1125万円新規就農補助金の話|農業アルバイトをオススメしない理由

農業をはじめる前に

僕が実際に新規就農の準備を進めていく上で、
市役所や農務事務所で相談し、説明を受けた内容についてお話してみようと思います〜

で、この記事で共有しようと思っている情報は

これから農業をはじめようと思っている方で「新規就農者向けの補助金(最大1125万円)」の申請を考えている方には、農業関連のアルバイトをすることは あまりオススメできない

ということ。

・ぷち補足

アルバイトをオススメしない理由について先に説明いたしますが、
補助金制度の中身についても記事後半で説明いたしますので、興味がございましたら〜

補助の条件を考える

では早速、農業関連のアルバイトをオススメしない理由から。。。

農業アルバイトの経験があると、場合によっては農業従事者(農業経験者)とみなされてしまい、
補助金や無利子・無担保で融資を受けたりなど、「新規就農者向けの制度」の審査のハードルが上がる可能性があるから

です。

農業に関連していても事務作業や作物のトラック運搬くらいなら、ギリギリオーケーかもしれませんが、
作物の栽培に直接関わるような作業(畑仕事など)は特に注意が必要です。

補助を受けるメリット

2022年現在、日本には農業次世代人材投資資金という、2段階の補助金制度があります。

山梨のブドウ農園・畑(収穫期のデラウェア)の写真

制度の1段階目に当たるのが「就農準備資金:最大300万円」で、この補助をもらいながら研修を受けるとですね、山梨県の場合ですと。。。

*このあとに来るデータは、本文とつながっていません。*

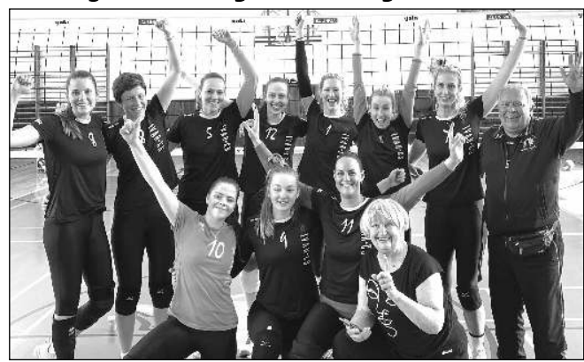
MISTRYNĚ. Dobřichovické volejbalistky - vítězky I. ligy žen.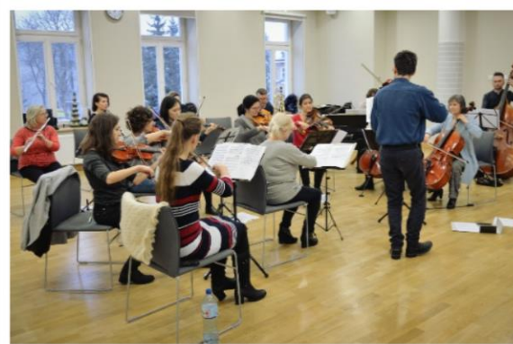
Na fotografiach: inicjatywy realizowane w siedzibie Centrum Aktywności Społecznej przy ul. Św. Rocha 3

2段階目の「経営開始資金:最大450万円」「経営発展支援事業:最大375万円」の補助を受けたり、認定新規就農者になるためのハードルを下げることができたりします。

(正確に言えば「農業大学校や先進農家のもとで研修を受けた実績」が重要なので、必ずしも就農準備資金を受ける必要はありません)

また認定新規就農者になることができれば「青年等就農資金」という、
無利子・無担保で資金を借り入れることができる、これまた衝撃的な融資を申請する権利を得ることもできます。

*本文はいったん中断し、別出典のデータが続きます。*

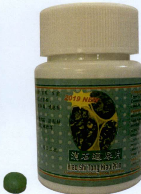
2019 NEW Xiao Shi Tong Niao Pian Tablets 100's

by: Hongkong An Kang Pharmaceutical Co., Ltd

まぁ、簡単に言えば「優良農業経営者であることを認めてもらいやすくなる」ってことかな〜

季節労働愛媛県でみかんアルバイト(コンテナに入った真穴みかん)の写真

就農準備資金の交付期間は研修生になって、なんやかんやで1日8時間、繁農期には週6日のフルタイム研修(無給)になることもあるので
仮に、もしもそうなった場合に「補助金額 ÷ 研修時間」で時給換算すると、けっこう厳し目な設定かもしれないなぁとは思うのですが。。。

やはり、研修実績をつくることで農地を借りやすくなったり、
優良農業経営者として認められやすくなって、
いろんな制度に申請する権利を得られることは、超巨大なメリットになると僕は思います〜

補助を受けるべきだと言いたいわけじゃないんですけども、
資金に余裕があればあるほど 事業へ投資する額も大きくすることができますので、成長スピードに明らかな差が出てきます☆

そういったことを意識するのであれば、補助を受けてみるのも1つの手かもしれませんね(^^)

(就農準備資金も、実際には「研修の1〜2年間は、ほぼ無収入で生活しなければならないところ、補助が150万円/年も おりてくる」わけですから、とてもありがたい制度なんですけども)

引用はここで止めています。